*** Block opens ***

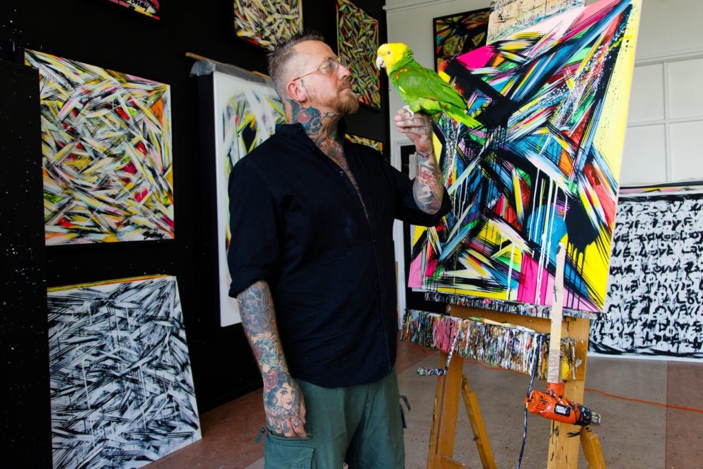 ‘Ik kwam mijn diensttijd uit en ik moest wat. Toen ben ik in een kledingzaak van een vriend gaan werken. Daarnaast ben ik achttien jaar portier geweest. Maar dit was beide niet mijn roeping en ben ik omgeschoold naar technisch lasser. Zeven jaar geleden ben ik geknapt. In korte tijd verloor ik mijn vader en achttien vrienden en vriendinnen. Ik was zo verdrietig. Toen ben ik een tijdje naar Ibiza vertrokken en ben ik gaan schilderen.’Hoe verliep die carrièreswitch?
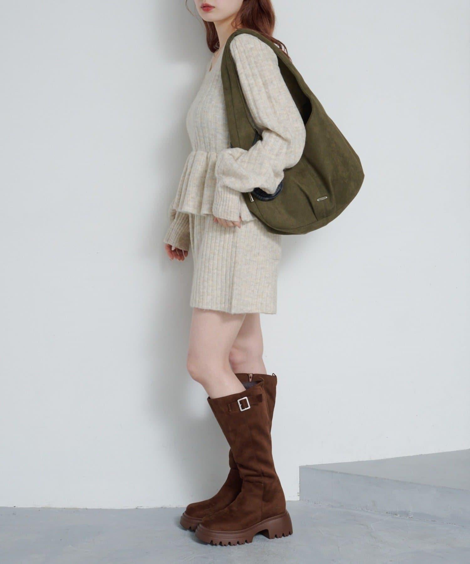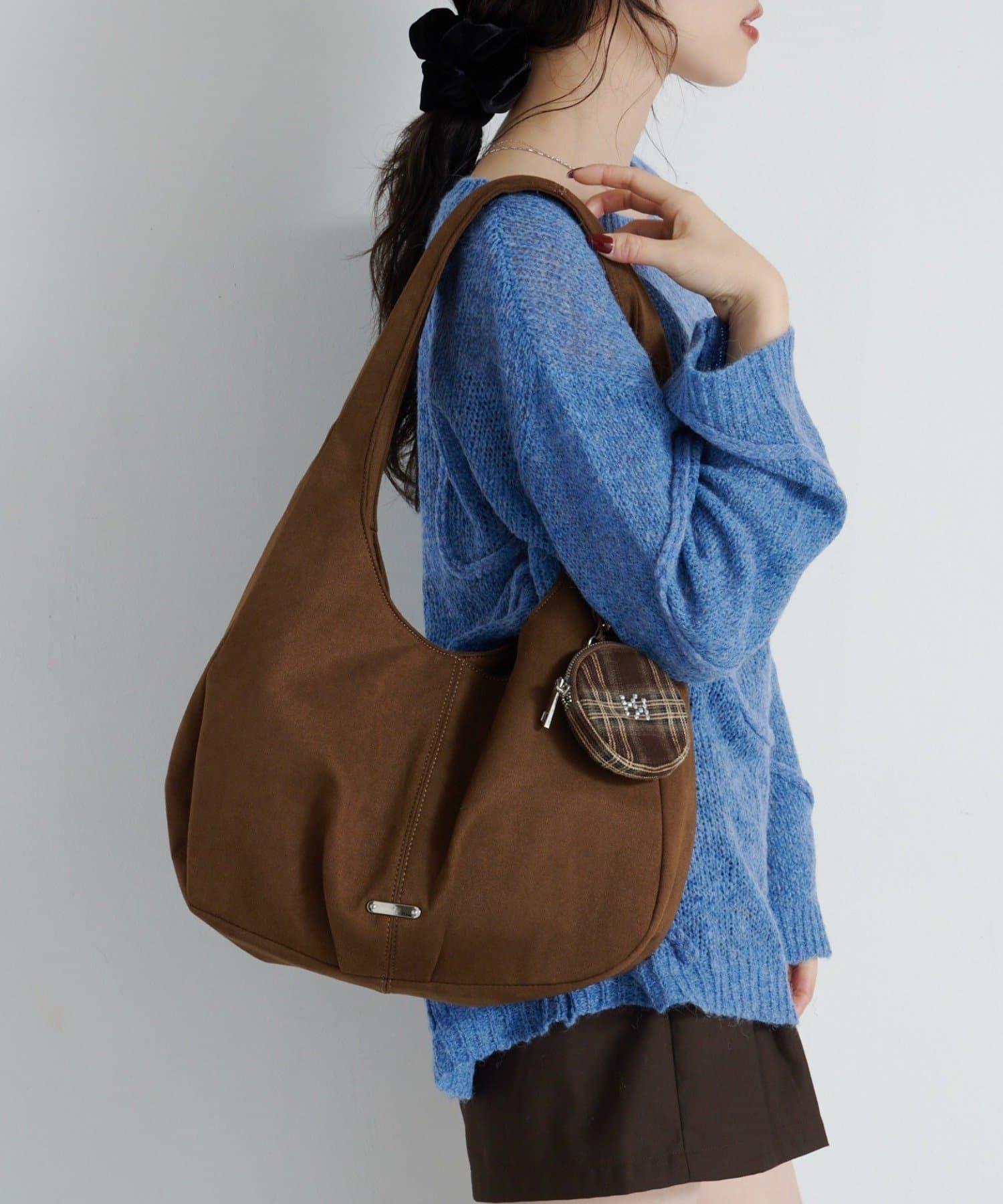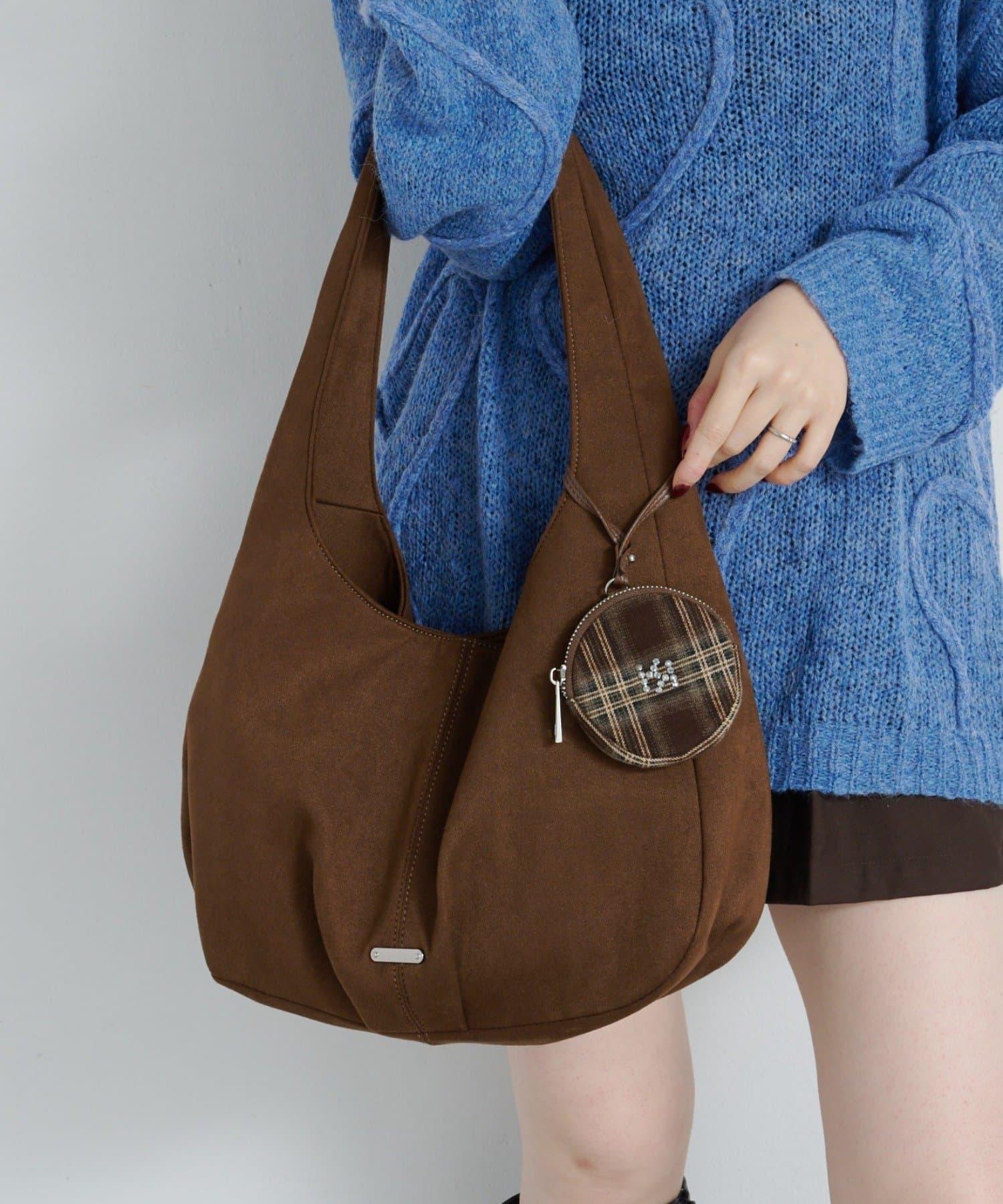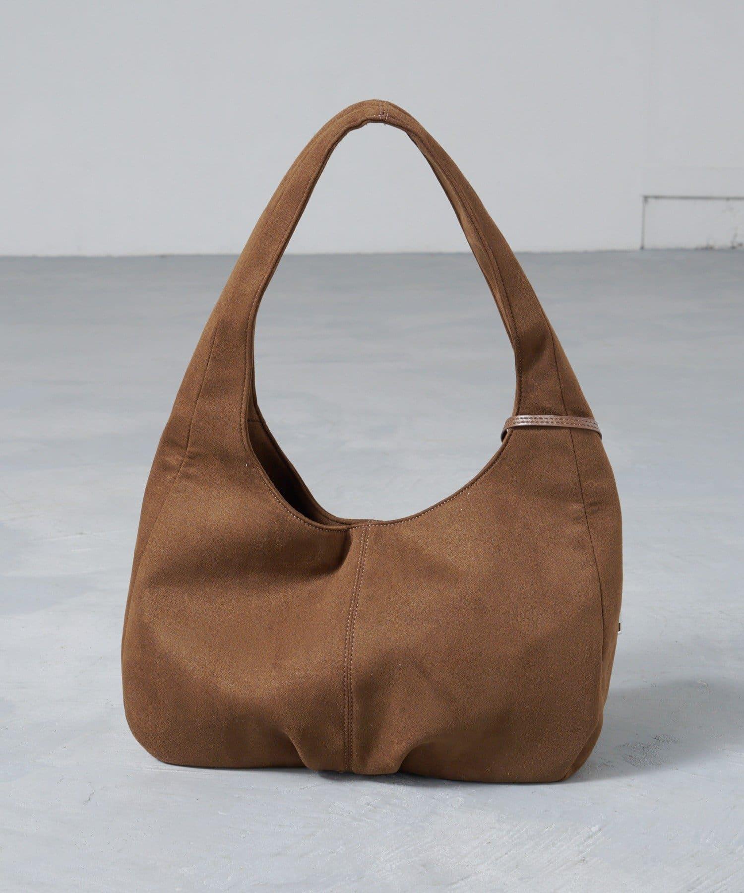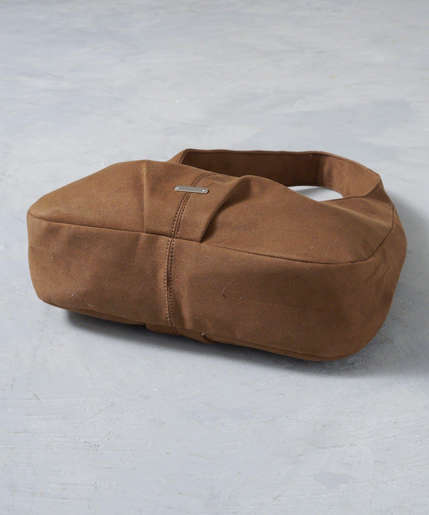 時尚麂皮單肩包,鑲有銀色鉚釘。
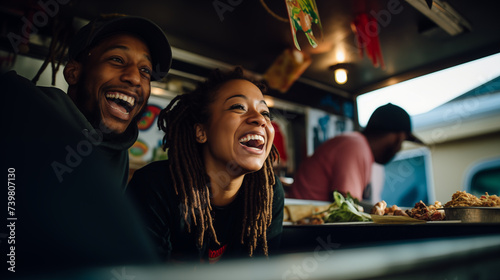 In the midst of a bustling street food truck market, a joyful mix of multiracial individuals come together to savor the culinary delights on offer
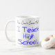 Zeige deine Lehrhaltung ab, wenn du dieses Jahr wieder zur Schule gehst. Dieses Design der Tasse ist alles, was in grün, blau und schwarz geschrieben wurde und die Phrase enthält: "Du kannst mich nicht erschrecken! Ich unterrichte die High School." Ein wunderbares Geschenk, um sich bei einem Lehrer zu bedanken, während der Lehrerwertungswoche und am Ende des Jahres oder zu jeder Zeit dazwischen.
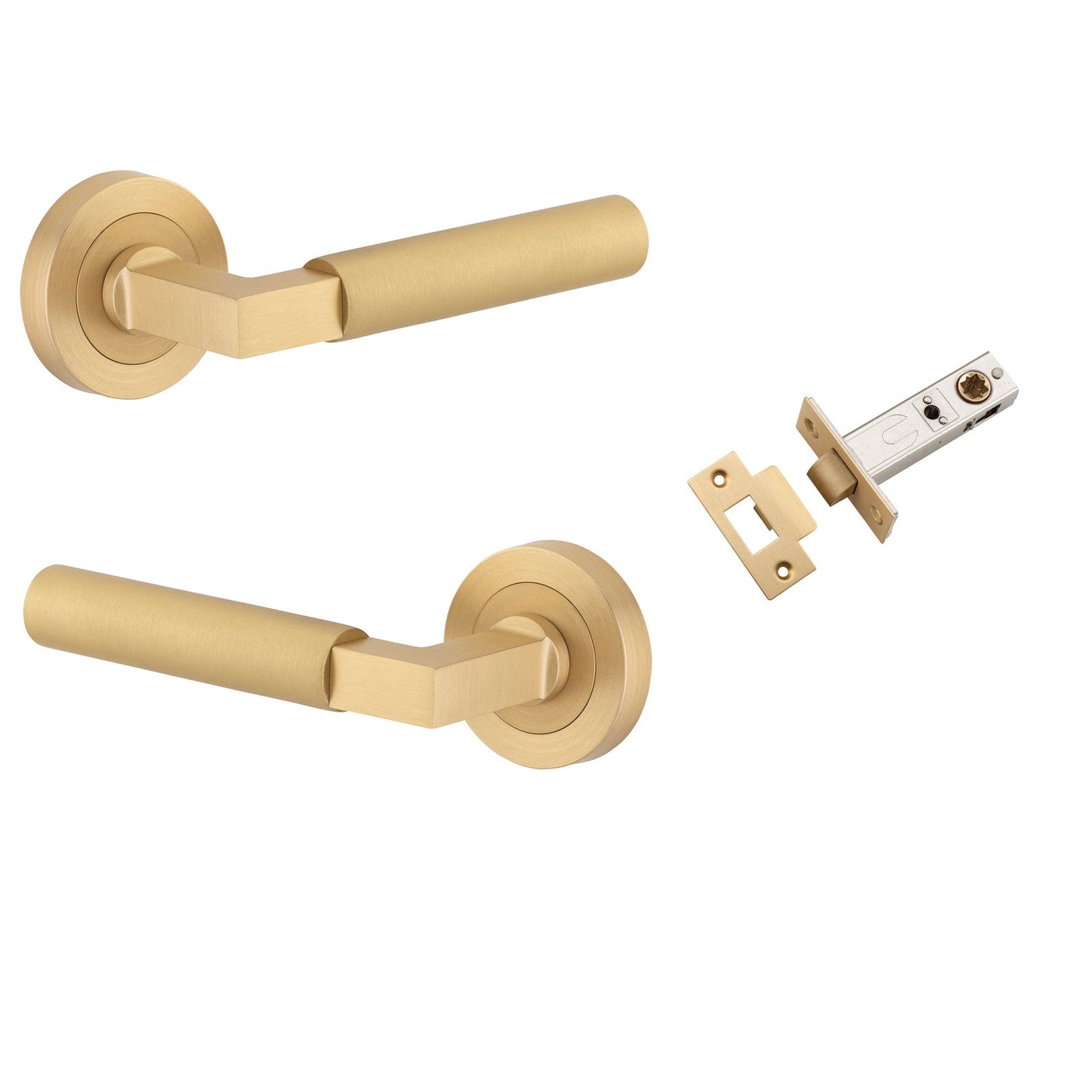 Iver Door Handle Berlin Rose Round Brushed Brass Passage Kit
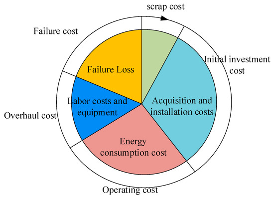 Here, C0 represents the initial investment cost; C1 represents the operating cost; CM represents the maintenance cost; CD represents the scrap cost.

*** Block closes ***

Work item:
Nothing but the lines from the beginning of the material through the line with "時尚麂皮單肩包,鑲有銀色鉚釘。" should appear, printed exactly, with no pictures among them.

Exercise result:
 ‘Ik kwam mijn diensttijd uit en ik moest wat. Toen ben ik in een kledingzaak van een vriend gaan werken. Daarnaast ben ik achttien jaar portier geweest. Maar dit was beide niet mijn roeping en ben ik omgeschoold naar technisch lasser. Zeven jaar geleden ben ik geknapt. In korte tijd verloor ik mijn vader en achttien vrienden en vriendinnen. Ik was zo verdrietig. Toen ben ik een tijdje naar Ibiza vertrokken en ben ik gaan schilderen.’Hoe verliep die carrièreswitch?
 時尚麂皮單肩包,鑲有銀色鉚釘。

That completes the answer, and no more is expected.